The strategies include a framework for action on, among others, fisheries and aquaculture; environmental and biodiversity monitoring; marine tourism; Disaster Risk Management (DRM); handling and shipment of hazardous materials and dangerous goods; maritime governance; flag state and port state control; and illegal activities, including money laundering, piracy, maritime terrorism and human trafficking and smuggling by sea.
These attempts to address the maritime security issues and deliver a secure marine environment fits perfectly into the Blue Economy concept across the globe. The concept focuses on creating the opportunities for a more sustainable ocean economy where there is better alignment between economic growth and the health of the ocean with the involvement of the government.
Determined to stamp out piracy and all forms of illegalities in the nation’s territorial waterways the Federal Government conceived the Deep Blue Project involving a Total Spectrum Maritime Security, which includes Law Enforcement, Regional Cooperation, Response Capabilities Building, and Enhanced Maritime Domain Awareness for all organs of government responsible for maritime security.
To execute the Deep Blue Project, the services of the Homeland Security International (HLSI) from Israel was engaged to help Nigeria in the training of personnel and procurement of hardware for the safety and security of the country’s waterways and the Gulf of Guinea.

NIMASA’S MARITIME SECURITY STRATEGY
Nigeria’s Regional Interventions in Addressing Maritime Insecurity in Gulf of Guinea
Insecurity in the Gulf of Guinea is also regional in character. The Gulf of Guinea states are addressing the issue at the national levels.

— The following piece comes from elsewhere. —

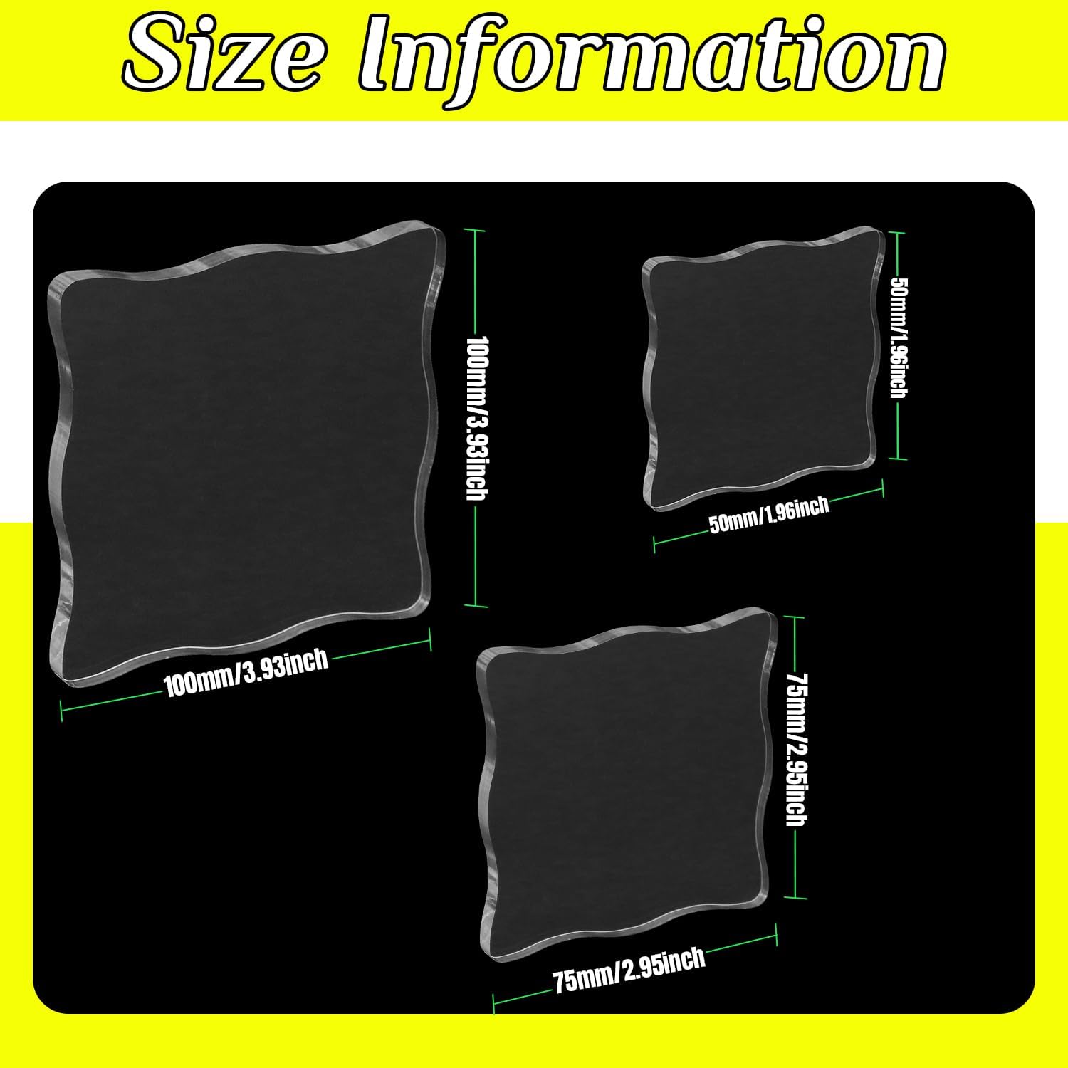 - WHAT YOU WILL RECEIVE: 3 sizes sector acrylic stamp blocks: small 2" x 2" x 0.6", medium 3" x 3" x 0.6", large 4" x 4" x 0.6".

The regional collaboration has led to the following interventions:
STRATEGY LEVELS
• Establishment and implementation of the ECOWAS Integrated Maritime Strategy (EIMS)
• Establishment of Inter-Regional Coordination Centre in Yaoundé, Cameroun, an initiative of ECOWAS/ECCAS/GoG Commission
• Leadership role in the establishment and implementation of Africa Integrated Maritime Strategy (AIMS)
• Headship of the Association of African Maritime Administrations (AAMA), which is at the forefront of coordination of continental initiatives of African heads of government to tackle maritime insecurity.
THE OPERATIONAL LEVEL
• NIMASA, working with Nigerian Navy in 2012-2013, established OPERATION PROSPERITY.
• NIMASA and Nigerian Navy participated in Exercise Obangama Express and Exercise Junction Rain anchored in conjunction with the US Coastguard and the Nigerian Navy.
• Nigerian Navy participated in the annual French-led Exercise Nemo and Exercise Corymbre anchored in conjunction with the French Navy (Marine Nationale).
• Nigeria is active in Maritime Organisation of West and Central Africa (MOWCA).
• Nigeria is coordinating Heads of Navies in the region.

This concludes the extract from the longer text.